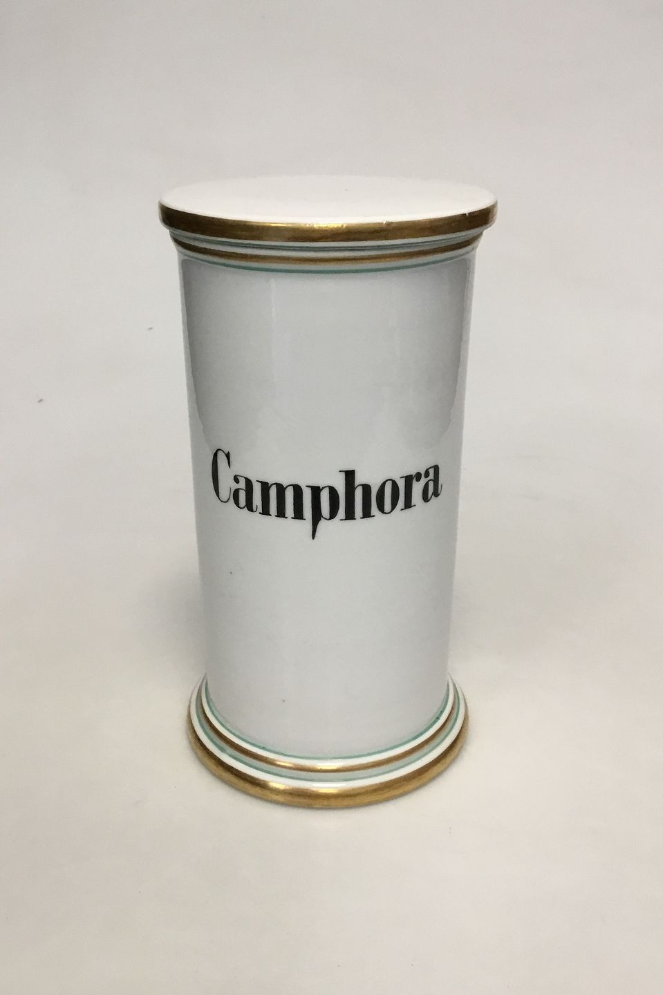 Royal Copenhagen Pharmacy Jar. Text "Camphora". Measures 21.5 cm / 8 15/32 in. Small chip on the inside of Lid
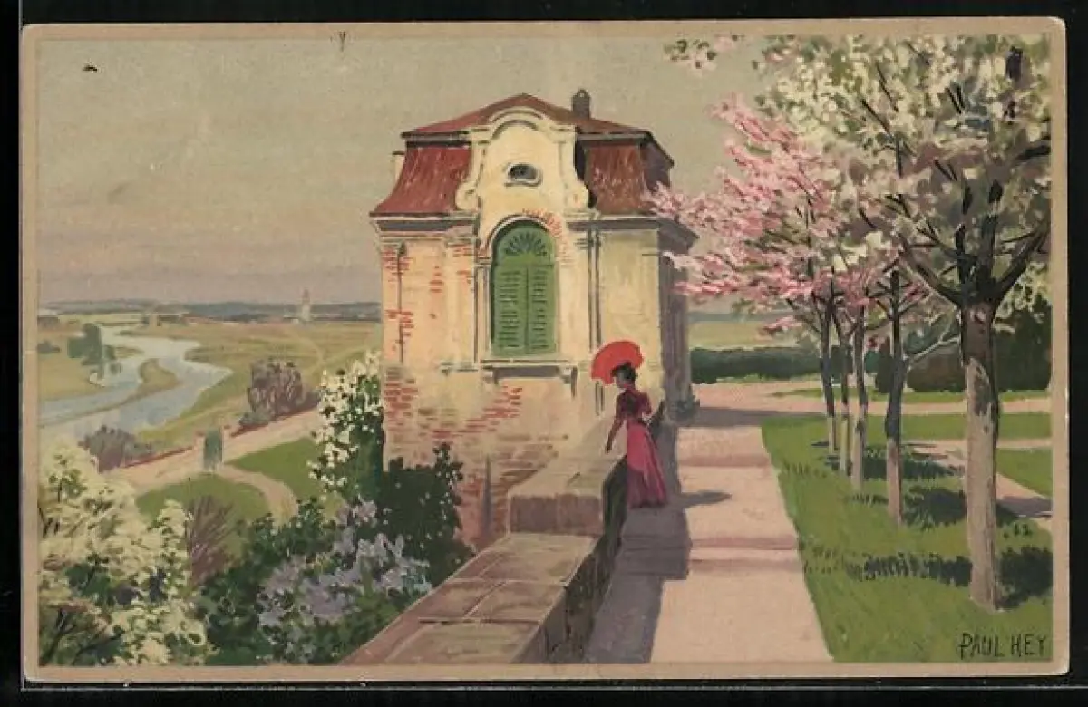 Künstler-Lithographie P. Hey: Frau an der Mauer geniesst die schöne Aussicht
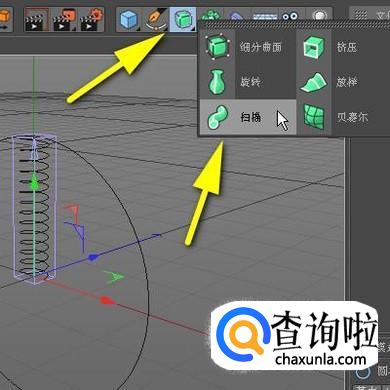 如下图所示,鼠标点住“细分曲面”图标,弹出生成器的面板,在其中点击“扫描”;新建扫描对象。
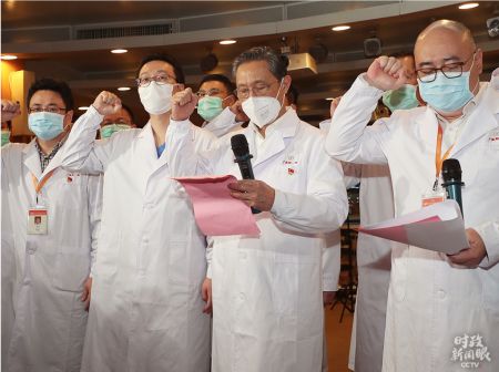 △2020年3月2日,广州医科大学附属第一医院,钟南山院士(右二)在首批战“疫”一线火线发展党员的入党宣誓仪式上领誓。
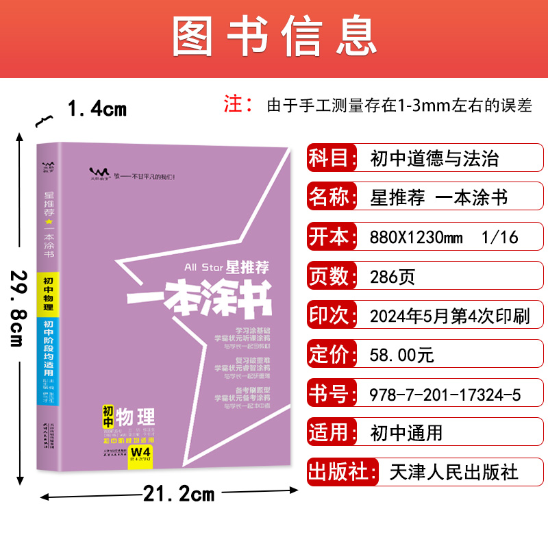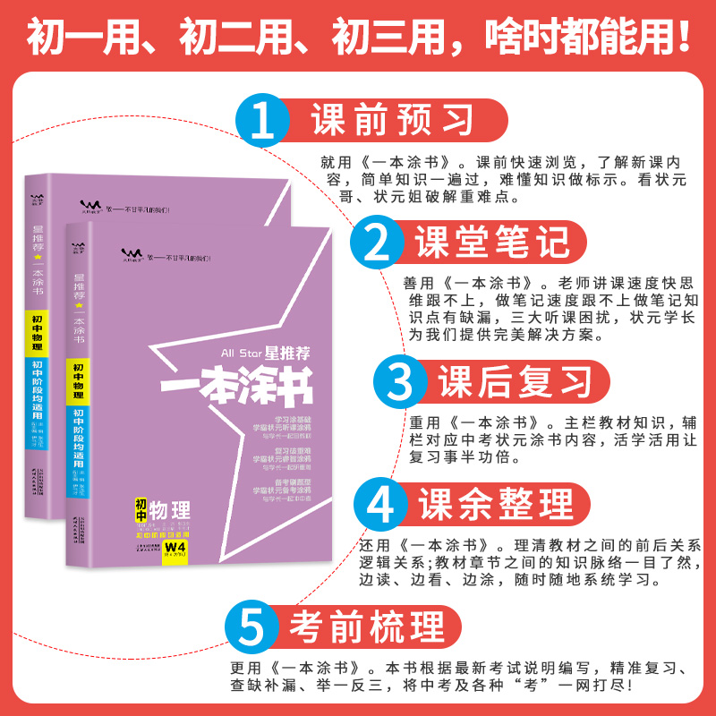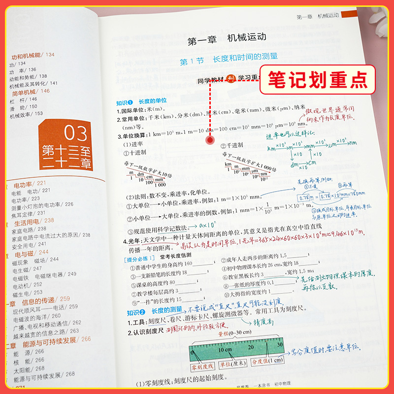 学霸课堂笔记初一二初三中考教辅辅导资料书 基础知识手册状元 七八九年级上下册知识点大全辅导教材书 一本涂书初中物理 2025新版
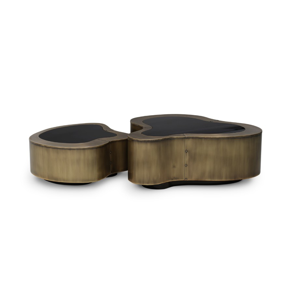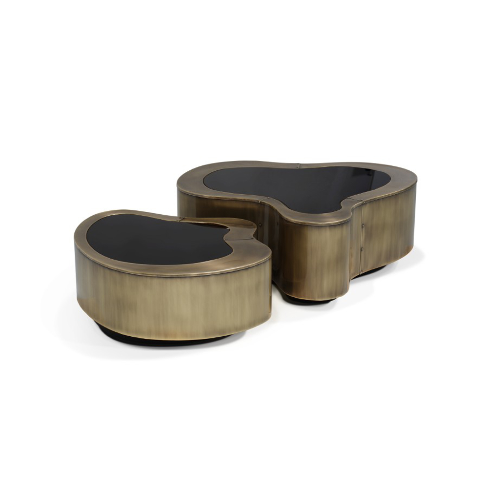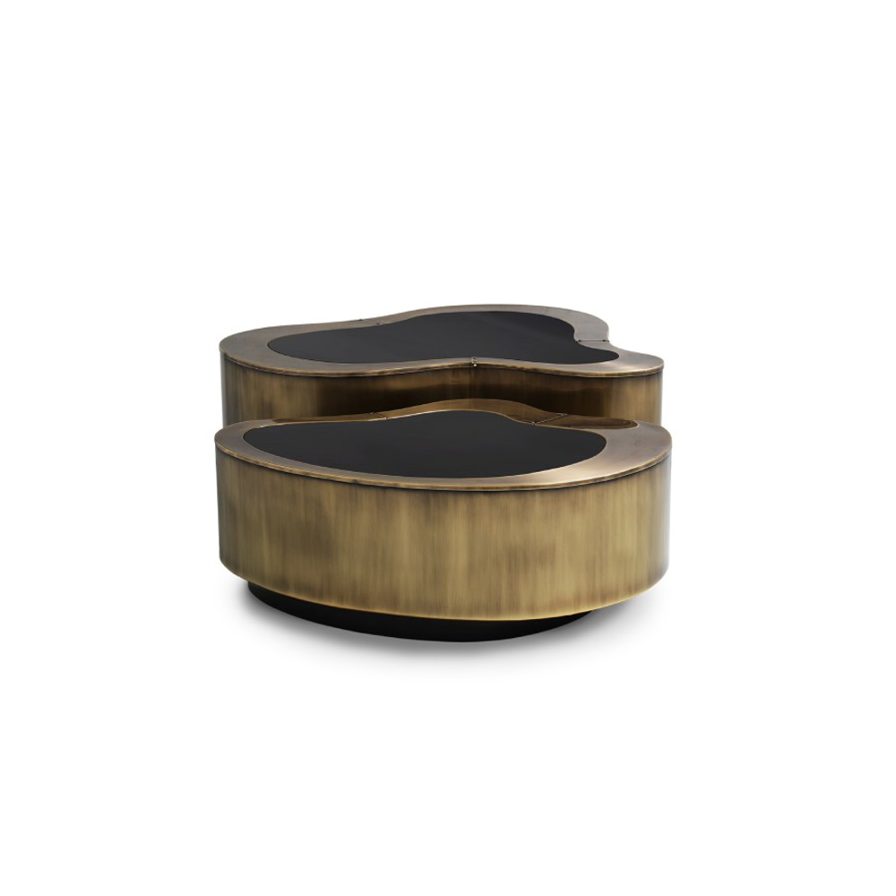 Table made in wood finished with manually hammered patina brass, with a curvilinear top made from walnut veneer. The base is lacquered in black finished with a high gloss varnish.
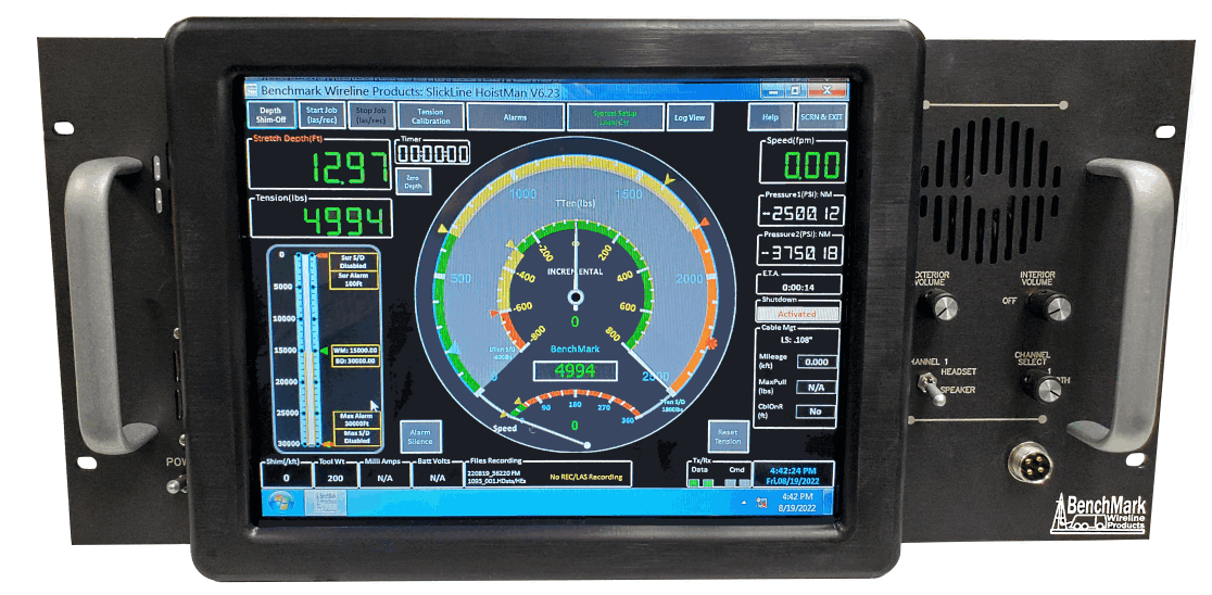 BenchMark Wireline 的Hoistman触摸屏面板用于采集和显示来自钢丝测井绞盘装置的深度和张力数据。该面板为操作员提供了一种根据需要设置和调整数据的方法。深度是根据安装在测量设备上的编码器提供的数据显示的。
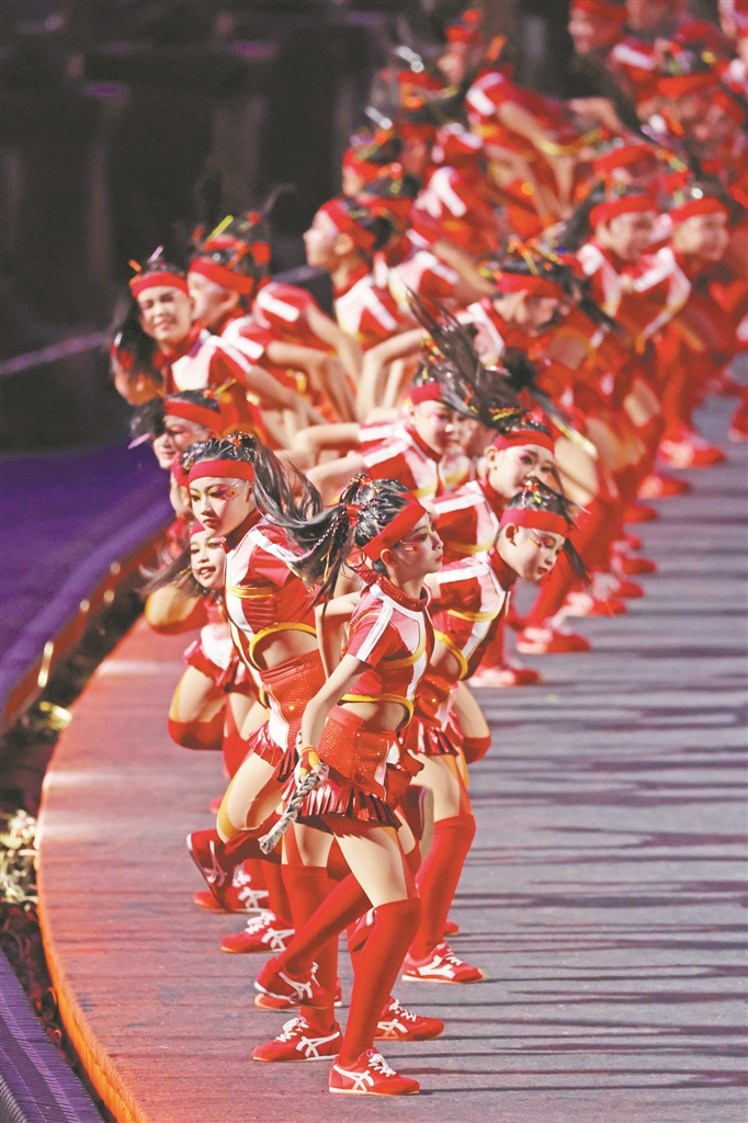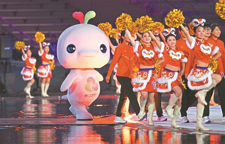 开幕式的大部分节目由粤港澳三地联合完成,将粤剧、咏春、麒麟等经典岭南文化元素与广绣、广珐琅、嵌瓷等非遗符号有机融合,现场还有独具岭南特色的花窗、芭蕉叶、灯笼等图案元素,诠释了“既岭南又动感”;更有机器人登场,带来“古今结合”的精彩节目,打造出一场视听交融的文化盛宴。
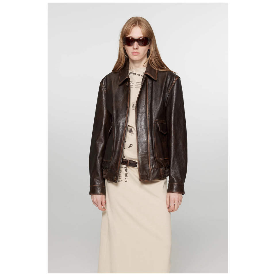 Giacca Bomber Autunnale Vintage in Pelle di Mucca Marrone con Maniche Lunghe, Tessuto Intrecciato e Colletto Rovesciato dalla Nuova Zelanda
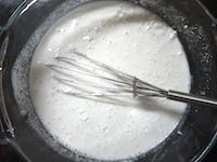 ガラスなどの耐熱容器に白玉粉、砂糖、水を入れ、よく混ぜます。
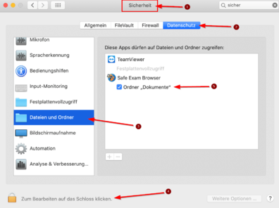 | + | [[Datei:SafeExamBrowser-8.png|mini|396x396px| Unter - Systemeinstellungen / Sicherheit / Datenschutz /Dateien und Ordner - lässt sich die Berechtigung hinzufügen.|alternativtext=|ohne]] | ||
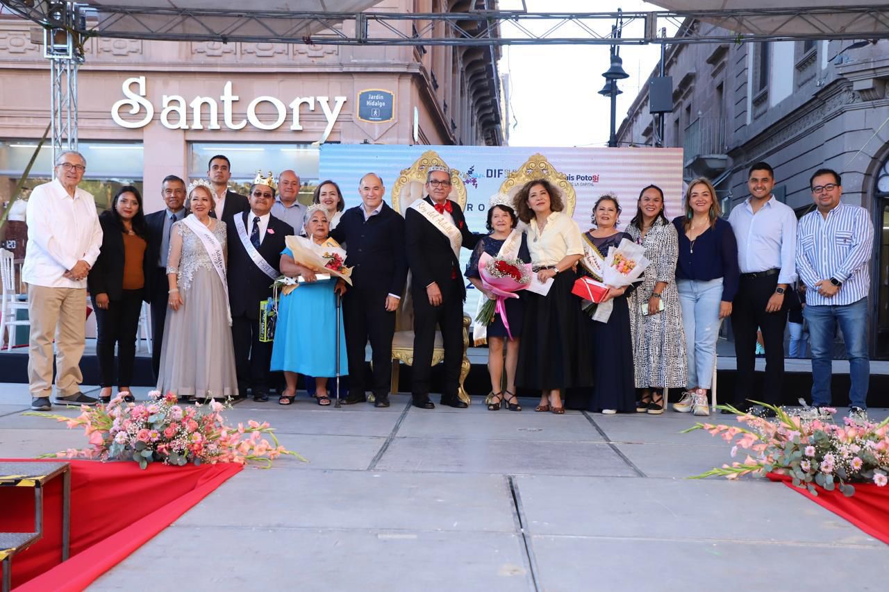 SLP.- En un emotivo evento celebrado en la arquería del Centro Cultural Palacio Municipal y su explanada exterior, la presidenta del DIF Capitalino, Estela Arriaga Márquez, y el alcalde Enrique Galindo Ceballos coronaron a María Martha Bustamante Loya del Club “Vida Nueva” como Reina y a José Luis Barragán Cabriales, del Club “Eterna Juventud 2”, como Rey de los Clubes de Adultos Mayores para el periodo 2024-2025.
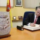 Zapatero, ministros y secretarios de Estado ocupan las primeras páginas del Libro de Honor del Ayuntamiento. La última rúbrica, la de Camacho. Después vino un tentempié y la visita a las obras
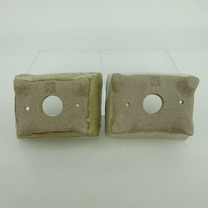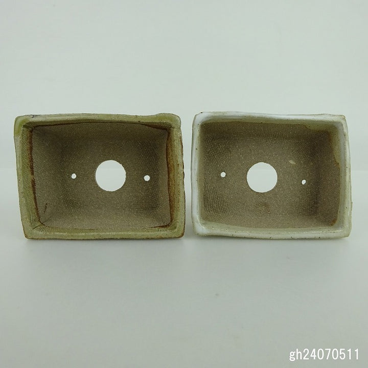盆栽鉢 ゆうき祥石 2点セット 小鉢 長辺 約8cm 長方鉢 ベージュ 白 釉薬 新品 1198407358
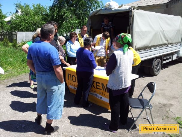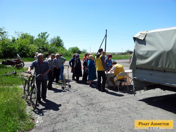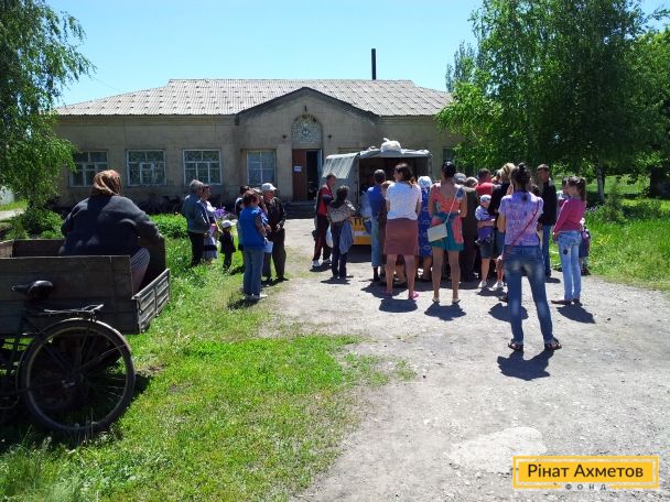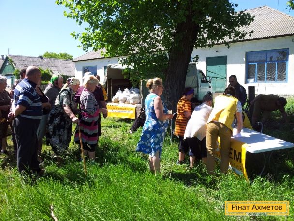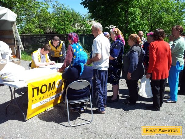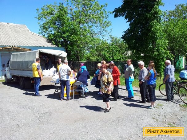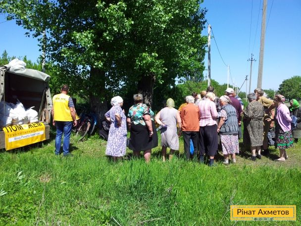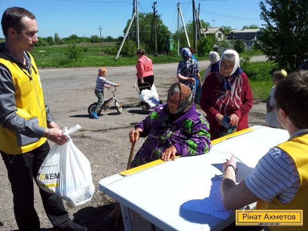 Жители отдаленных сел Амвросиевского района Донецкой области получили продуктовые наборы от Штаба Рината Ахметова

□ □ □ □

*EXERCISE AIM*
Your output should be the full set of entries above, restated word for word and free of pictures.

*ANSWER TO THE EXERCISE*
 Royal Copenhagen Pharmacy Jar. Text "Camphora". Measures 21.5 cm / 8 15/32 in. Small chip on the inside of Lid
 Künstler-Lithographie P. Hey: Frau an der Mauer geniesst die schöne Aussicht
 如下图所示,鼠标点住“细分曲面”图标,弹出生成器的面板,在其中点击“扫描”;新建扫描对象。
 △2020年3月2日,广州医科大学附属第一医院,钟南山院士(右二)在首批战“疫”一线火线发展党员的入党宣誓仪式上领誓。
 学霸课堂笔记初一二初三中考教辅辅导资料书 基础知识手册状元 七八九年级上下册知识点大全辅导教材书 一本涂书初中物理 2025新版
 Table made in wood finished with manually hammered patina brass, with a curvilinear top made from walnut veneer. The base is lacquered in black finished with a high gloss varnish.
 BenchMark Wireline 的Hoistman触摸屏面板用于采集和显示来自钢丝测井绞盘装置的深度和张力数据。该面板为操作员提供了一种根据需要设置和调整数据的方法。深度是根据安装在测量设备上的编码器提供的数据显示的。
 开幕式的大部分节目由粤港澳三地联合完成,将粤剧、咏春、麒麟等经典岭南文化元素与广绣、广珐琅、嵌瓷等非遗符号有机融合,现场还有独具岭南特色的花窗、芭蕉叶、灯笼等图案元素,诠释了“既岭南又动感”;更有机器人登场,带来“古今结合”的精彩节目,打造出一场视听交融的文化盛宴。
 Giacca Bomber Autunnale Vintage in Pelle di Mucca Marrone con Maniche Lunghe, Tessuto Intrecciato e Colletto Rovesciato dalla Nuova Zelanda
 ガラスなどの耐熱容器に白玉粉、砂糖、水を入れ、よく混ぜます。
 | + | [[Datei:SafeExamBrowser-8.png|mini|396x396px| Unter - Systemeinstellungen / Sicherheit / Datenschutz /Dateien und Ordner - lässt sich die Berechtigung hinzufügen.|alternativtext=|ohne]] | ||
 SLP.- En un emotivo evento celebrado en la arquería del Centro Cultural Palacio Municipal y su explanada exterior, la presidenta del DIF Capitalino, Estela Arriaga Márquez, y el alcalde Enrique Galindo Ceballos coronaron a María Martha Bustamante Loya del Club “Vida Nueva” como Reina y a José Luis Barragán Cabriales, del Club “Eterna Juventud 2”, como Rey de los Clubes de Adultos Mayores para el periodo 2024-2025.
 Zapatero, ministros y secretarios de Estado ocupan las primeras páginas del Libro de Honor del Ayuntamiento. La última rúbrica, la de Camacho. Después vino un tentempié y la visita a las obras
盆栽鉢 ゆうき祥石 2点セット 小鉢 長辺 約8cm 長方鉢 ベージュ 白 釉薬 新品 1198407358
 Жители отдаленных сел Амвросиевского района Донецкой области получили продуктовые наборы от Штаба Рината Ахметова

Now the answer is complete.